Ensure your include path points to the include/ directory of this repository.

Building from Source

If you want to build the Python bindings from source or run the C++ samples:

1. Dependencies

  • python-dev (e.g., apt-get install python-dev)
  • Dependencies listed in requirements.txt (pip install -r requirements.txt)

2. Python Source Build

pip install -v git+https://github.com/NVIDIA/cudnn-frontend.git

Environment variables CUDAToolkit_ROOT and CUDNN_PATH can be used to override default paths.

3. C++ Samples Build

mkdir build && cd build
cmake -DCUDNN_PATH=/path/to/cudnn -DCUDAToolkit_ROOT=/path/to/cuda ../
cmake --build . -j16
./bin/samples

Documentation & Examples

  • Developer Guide: Official NVIDIA Documentation
  • C++ Samples: See samples/cpp for comprehensive usage examples.
  • Python Samples: See samples/python for pythonic implementations.

🤝 Contributing

We strictly welcome contributions! Whether you are fixing a bug, improving documentation, or optimizing one of our new OSS kernels, your help makes cuDNN better for everyone.

  1. Check the Contribution Guide for details.
  2. Fork the repo and create your branch.
  3. Submit a Pull Request.

Debugging

To view the execution flow and debug issues, you can enable logging via environment variables:

# Log to stdout
export CUDNN_FRONTEND_LOG_INFO=1
export CUDNN_FRONTEND_LOG_FILE=stdout

# Log to a file
export CUDNN_FRONTEND_LOG_INFO=1
export CUDNN_FRONTEND_LOG_FILE=execution_log.txt

Logging Levels:

  • CUDNN_FRONTEND_LOG_INFO=0: No logging
  • CUDNN_FRONTEND_LOG_INFO=1: Full logging with tensor dumps
  • CUDNN_FRONTEND_LOG_INFO=10: Basic logging (safe for CUDA graph capture)

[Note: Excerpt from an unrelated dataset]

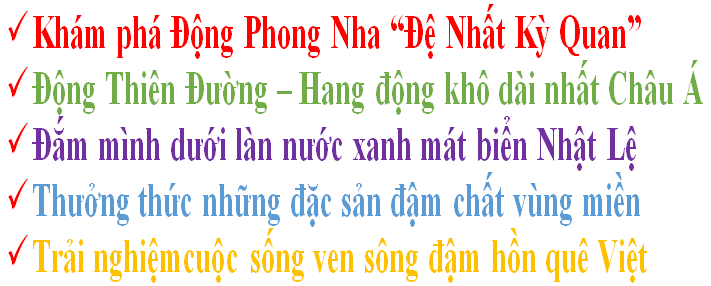 Sáng: Quý khách dậy sớm tắm biển và ngắm bình minh trên biển, đùa với những con sóng bạc đầu, phóng tầm mắt ra xa ngắm nhìn những con tàu đang hối hả cặp bến với những mẻ cá nặng chĩu. Ăn sáng tại khách sạn, đoàn tự do mua sắm tại chợ Đồng Hới hoặc nghỉ ngơi tự do, tắm biển Nhật Lệ …|
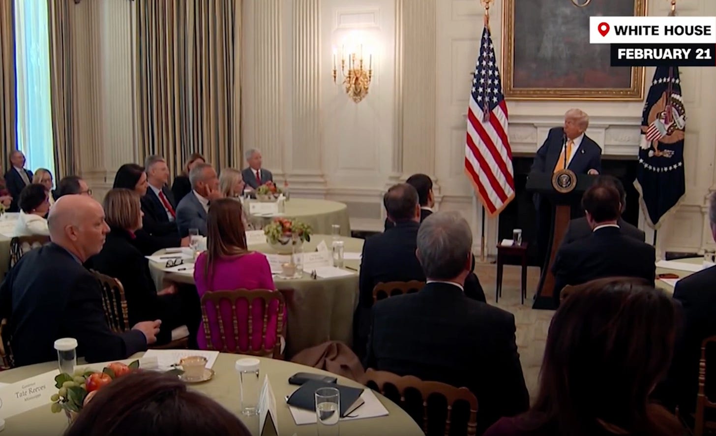 You may recall that at a White House event for governors, Trump asked whether Maine would comply with his new dick edict ordering schools not to let transgender girls participate in girls’ sports. Mills responded that Maine would follow the law, which Trump then claimed was he. Or “we,” actually.

Alternatively, you can control logging programmatically via cudnn_frontend::isLoggingEnabled().

License

This project is licensed under the MIT License.

Project details


Download files

Download the file for your platform. If you're not sure which to choose, learn more about installing packages.

Source Distributions

No source distribution files available for this release.See tutorial on generating distribution archives.

Built Distributions

If you're not sure about the file name format, learn more about wheel file names.

nvidia_cudnn_frontend-1.20.0-cp314-cp314-win_amd64.whl (1.9 MB view details)

Uploaded CPython 3.14Windows x86-64

nvidia_cudnn_frontend-1.20.0-cp314-cp314-manylinux_2_27_x86_64.manylinux_2_28_x86_64.whl (2.5 MB view details)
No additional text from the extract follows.